William Maillis, “genio
puro”
El Community College se
encuentra en el condado de Allegheny, en Pennsylvania (EE.UU.). Su alumno más
joven se llama William Maillis, y de verdad es joven: ¡es un
“niño prodigio” de solo 9 años!
A los 6 meses, según cuentan sus padres,
William ya reconocía los números, a los 7 empezó a pronunciar frases
completas. A los 2 años sabía ya leer, escribir y multiplicar. A los
4 aprendió a leer en griego, a los 5 conocía la geometría y a los 7
dominaba conceptos de trigonometría.
Uno de los profesores de William, Aaron
Hoffman, cuenta que el niño es el único que no toma apuntes en el aula. Se
limita a escuchar, a leer y a absorber conocimientos.

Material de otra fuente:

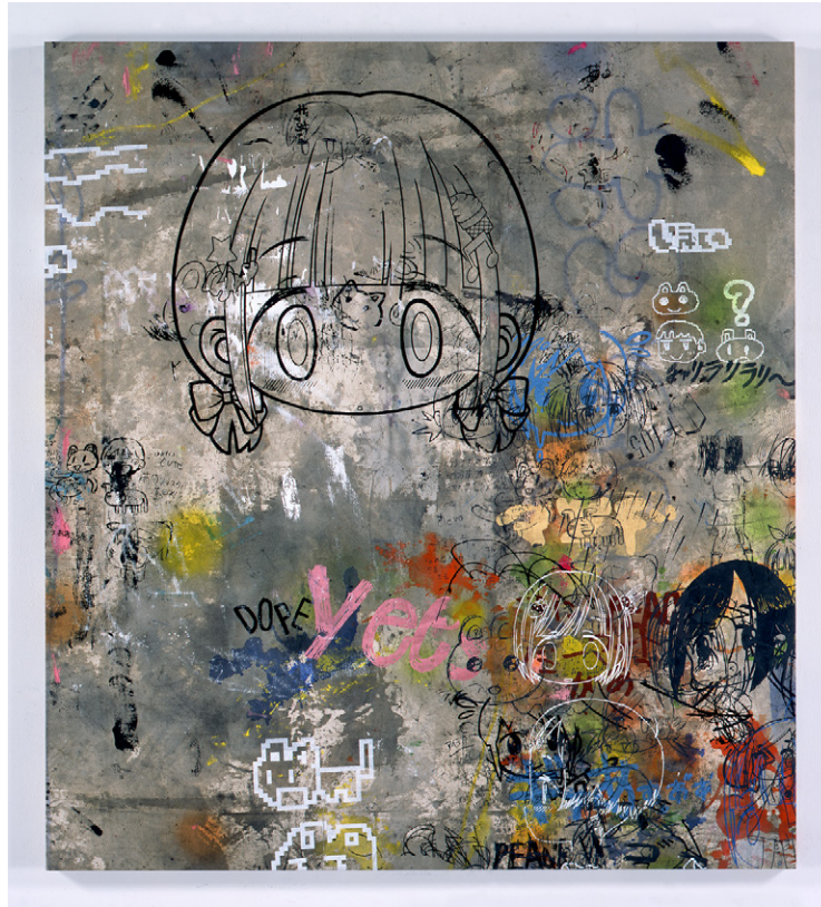
15:53 While Listening to Tokyo Broadcast Station Radio, 2017. Acrylic on linen mounted on wood panel. 180.2 x 162 cm | 70 15/16 x 63 3/4 in. ©2017 Mr./Kaikai Kiki Co., Ltd. All Rights Reserved. Courtesy Perrotin

Por si no bastase, la revista People proporciona
una información significativa sobre el niño prodigio.
En una entrevista concedida a esta publicación, William
Maillis revela que quiere ser astrofísico para lograr un objetivo
muy específico en la vida: ayudar a la ciencia a
“probar que Dios existe”. William quiere demostrar que sólo una
fuerza externa es capaz de formar el universo.
Para avanzar en los estudios, proyecta
profundizar sus conocimientos de Física y Química, conseguir un
doctorado y mostrar que las teorías de los físicos Albert Einstein
y Stephen Hawking sobre el Universo no son correctas.
“Quiere demostrar a todos que Dios
existe, porque sólo una fuerza externa podría ser capaz de dar vida al cosmos”,
explicó su padre, Peter, contando que su hijo se dedica a diario a
desarrollar su propia teoría sobre la creación del Universo (Huffington
Post, 30 septiembre).
Peter, que es sacerdote
greco-ortodoxo, y su mujer, Nancy, siempre han apoyado a William en
su itinerario, alentándolo y creyendo en sus potencialidades, incluso cuando a
los 4 años no superó el test para acceder a la escuela primaria.
Convencidos de que el error no estaba en
las respuestas del hijo, sino en el esquema rígido del examen que no reflejaba
su extraordinaria inteligencia, Peter y Nancy consultaron a un psicólogo
de la facultad donde estudia el niño prodigio, quien definió a William como un
“genio puro”.
Los padres dicen que quieren mantener a
William con los pies en la tierra, aunque sin ahogar sus aspiraciones.“Sólo
quiero que aprecie el don que tiene”, declara Peter. “Dios te ha dado un don –
digo siempre a mi hijo – Lo peor sería rechazarlo y no usarlo para
mejorar el mundo” (Morning Ledger, 2 octubre).